Что же еще сказал в конце студент о старьевщике? Я шепотом повторил его слова: Аарон Вассертрум наедине со своей алчностью и восковой куклой.

Что он подразумевал под восковой куклой?

Это могло быть всего лишь сравнением, успокаивал я себя, одной из тех болезненных метафор, с которыми он обычно нападал врасплох, они были непонятны собеседнику — метафоры, ставшие позднее зримыми, могли испугать до глубины души, как вещи необычной формы, когда на них внезапно падает яркий луч света.

Я глубоко вздохнул, чтобы успокоиться и избавиться от жуткого впечатления, произведенного на меня рассказом Хароузека.

Я лучше теперь различал людей, стоявших со мною под аркой, — рядом находился тучный старик. Тот самый, что недавно так отвратительно смеялся.

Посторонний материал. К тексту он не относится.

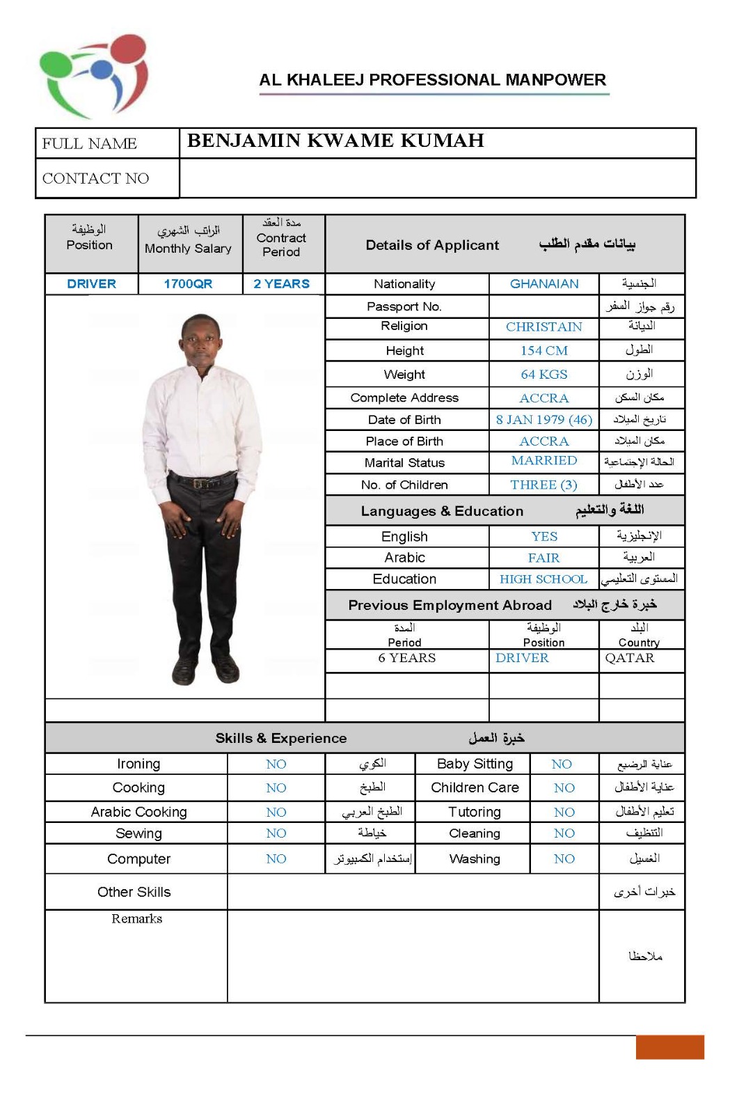 Name - English BENJAMIN KWAME KUMAH
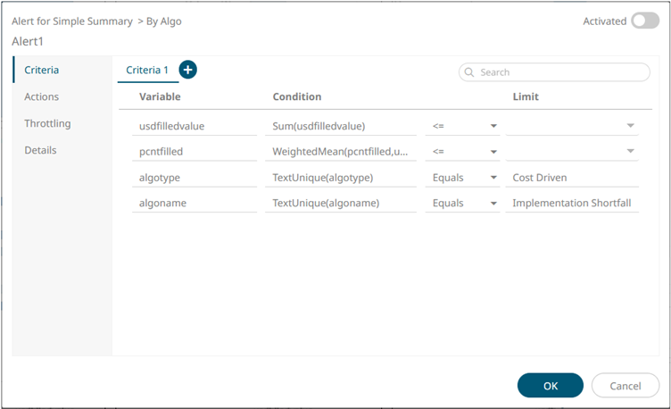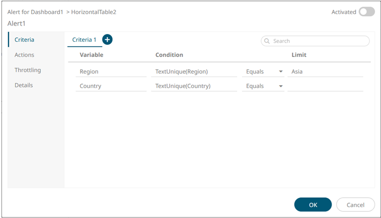 . You can also right-click a Criteria tab and select Rename to rename the criteria or select Remove to delete. The Remove option is disabled when only one criteria set is available.Variable
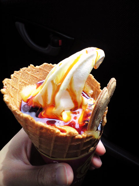 そして、予想通り、ソフトの量が多い!大きなワッフルコーンの底までしっかり入っていました。
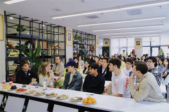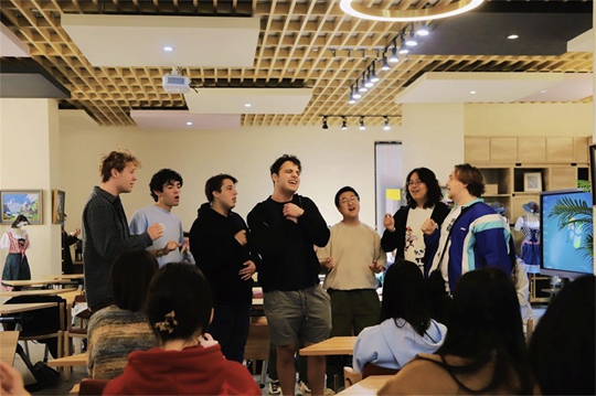 次日,合唱團成員與西安翻譯學(xué)院語言類相關(guān)專業(yè)的學(xué)生開展文化交流活動。交流會上,中外學(xué)子零距離對話,大家對相互感興趣的流行文化、人文地理、校園生活和音樂等話題進行深入交流。西安翻譯學(xué)院學(xué)生分別帶來中、外文歌曲以及太極拳、書法、古琴等民族樂器的展示;來自合唱團的同學(xué)們也被邀請即興表演無伴奏合唱,現(xiàn)場互動氣氛熱烈。交流中,耶魯大學(xué)學(xué)生合唱團的成員Ian激動地表示:“我感受到這里的同學(xué)們很熱情,我很喜歡你們用多才多藝的表演方式來歡迎我們,這讓我們彼此互相了解得更多。我們此次的巡演最特別之處,就是在這里結(jié)識到很多興趣相投、年齡相仿的朋友!狈g專業(yè)學(xué)生茍家成開心地說道:“感謝學(xué)校為我們搭建這次交流平臺,合唱團的同學(xué)們表演的無伴奏多聲部合唱帶給我們最純粹的美好,極具感染力,無論是指揮還是演唱都洋溢著熱情與活力。剛才我也表演了節(jié)目,我表演的時候他們都在認(rèn)真觀看,他們表演的時候我也在認(rèn)真欣賞,這是一個非常難忘的音樂交流互動體驗!蓖ㄟ^雙方學(xué)生的交流互動,進一步開闊了西譯學(xué)子的國際化視野,增進雙方學(xué)生的相互了解,同時,也提升了西譯師生的國際化意識,豐富了學(xué)校的國際化氛圍。

Он был в черном сюртуке и перчатках и пристально смотрел разгоревшимися глазами на арку ворот у противоположного дома.

Его гладко выбритое лицо с мясистыми вульгарными складками подергивалось от возбуждения.

Невольно последовал я за его взглядом и заметил, что он как зачарованный прилип глазами к рыжей Розине, стоявшей по ту сторону переулка с неизменной ухмылкой на губах.

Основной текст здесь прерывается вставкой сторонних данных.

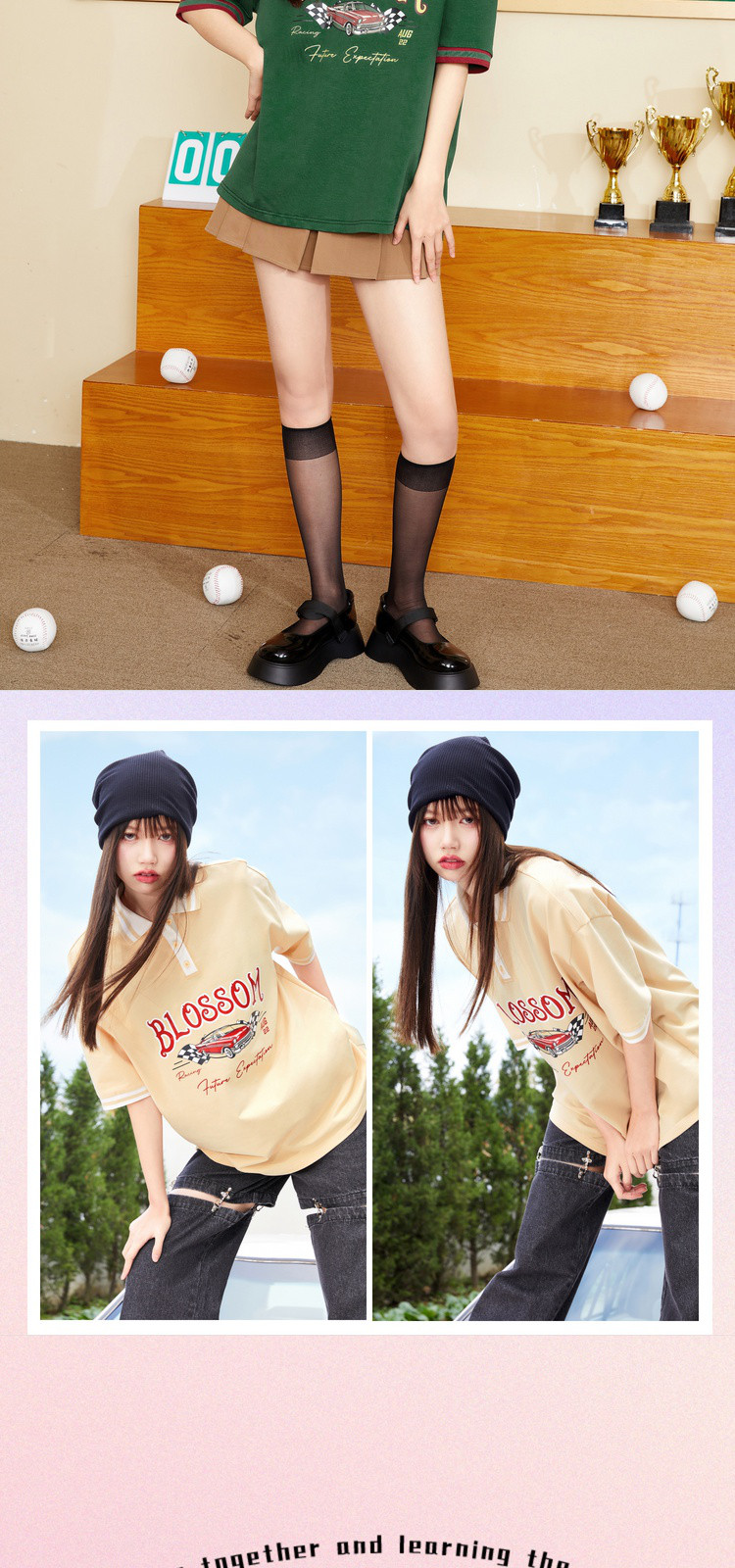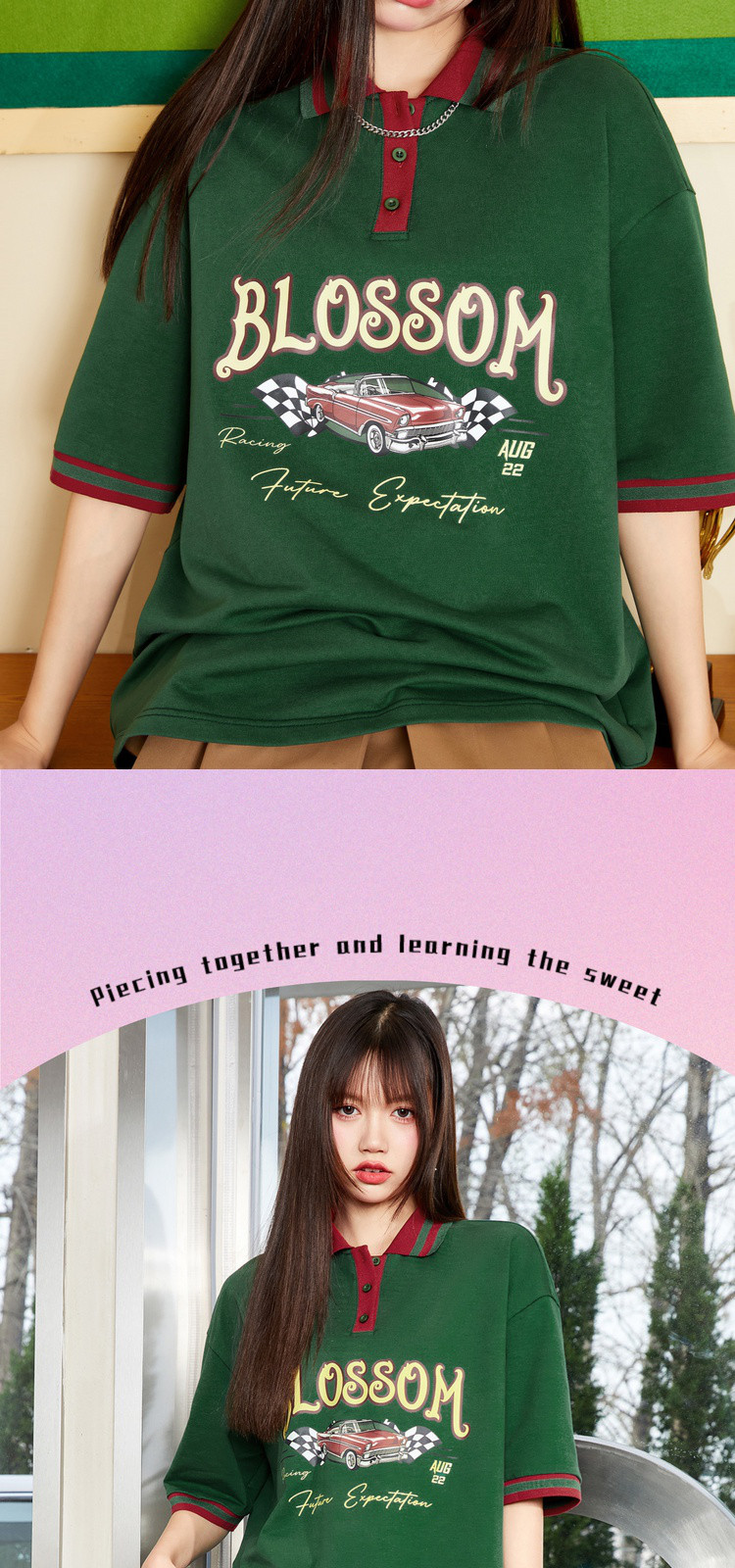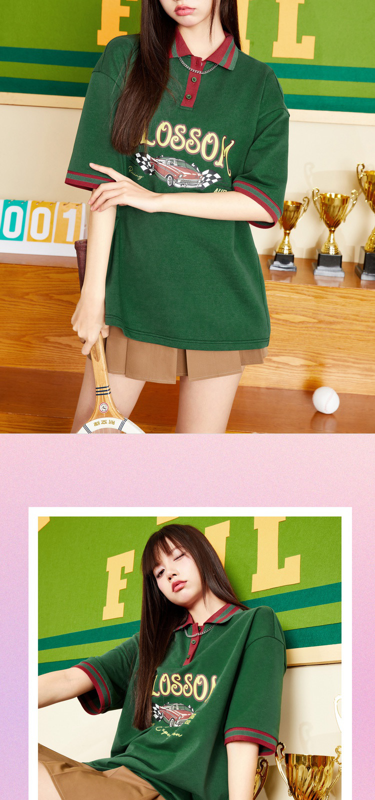 复古POLO领撞色印花宽松T恤女韩版休闲上衣 749780

Старик пытался делать ей знаки, и я видел, что она все хорошо понимает, но ведет себя так, словно до нее ничего не доходит.

Наконец старик потерял терпение, зашлепал на носках и смешно поскакал по лужам, как большой гуттаперчевый мячик.

Его, видно, все знали — я услышал немало насмешливых замечаний в его адрес. Бродяга за моей спиной с красным вязаным шарфом на шее, в голубой военной фуражке и сигаретой за ухом, осклабясь, намекал на то, в чем я не разбирался.

Я только понял, что в еврейском квартале старика звали «вольным каменщиком». После упоминания клички кто-то заметил, что старик, как обычно, изнасилует девчонку, но благодаря тому, что он свой человек в полиции, ему все сойдет с рук.

Вскоре Розина и старик исчезли в сумраке подъезда.

Пунш

Мы растворили окна, чтобы проветрить мою прокуренную каморку.